**Source material**
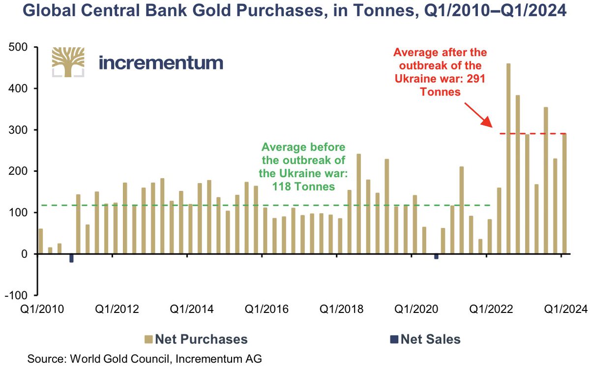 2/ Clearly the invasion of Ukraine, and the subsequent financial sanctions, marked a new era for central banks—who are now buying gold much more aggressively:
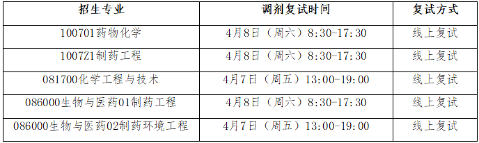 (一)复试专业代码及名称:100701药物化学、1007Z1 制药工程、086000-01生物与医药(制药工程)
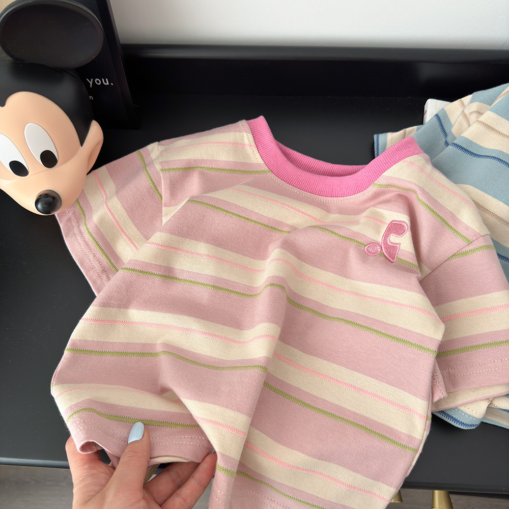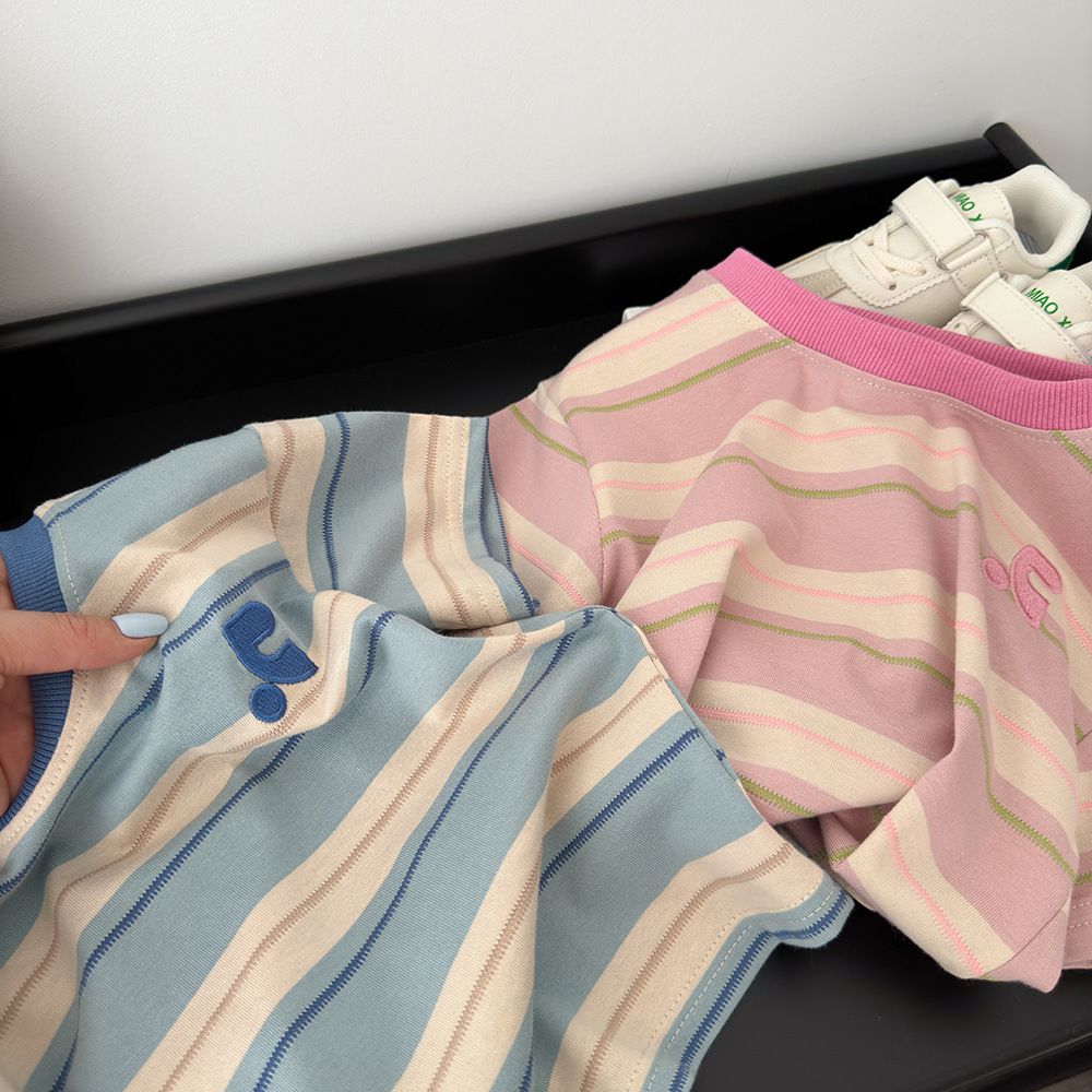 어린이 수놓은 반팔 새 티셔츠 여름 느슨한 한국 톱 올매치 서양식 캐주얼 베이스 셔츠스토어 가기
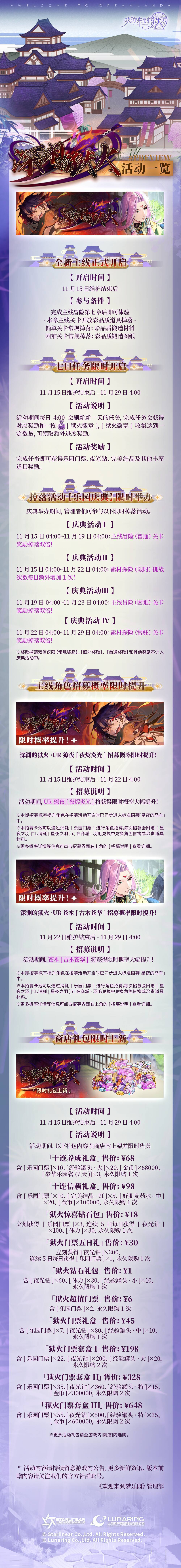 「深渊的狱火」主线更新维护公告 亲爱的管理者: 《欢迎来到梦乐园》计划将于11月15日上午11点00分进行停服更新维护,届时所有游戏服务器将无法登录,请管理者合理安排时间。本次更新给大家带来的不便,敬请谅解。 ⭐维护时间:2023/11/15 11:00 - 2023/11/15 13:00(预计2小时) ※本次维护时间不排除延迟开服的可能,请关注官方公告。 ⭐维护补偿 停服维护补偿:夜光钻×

**About this exercise**
From the line that contains "어린이 수놓은 반팔 새" to the final line of the material, write out each line exactly. Pictures stay out.

**Result**
 어린이 수놓은 반팔 새 티셔츠 여름 느슨한 한국 톱 올매치 서양식 캐주얼 베이스 셔츠스토어 가기
 「深渊的狱火」主线更新维护公告 亲爱的管理者: 《欢迎来到梦乐园》计划将于11月15日上午11点00分进行停服更新维护,届时所有游戏服务器将无法登录,请管理者合理安排时间。本次更新给大家带来的不便,敬请谅解。 ⭐维护时间:2023/11/15 11:00 - 2023/11/15 13:00(预计2小时) ※本次维护时间不排除延迟开服的可能,请关注官方公告。 ⭐维护补偿 停服维护补偿:夜光钻×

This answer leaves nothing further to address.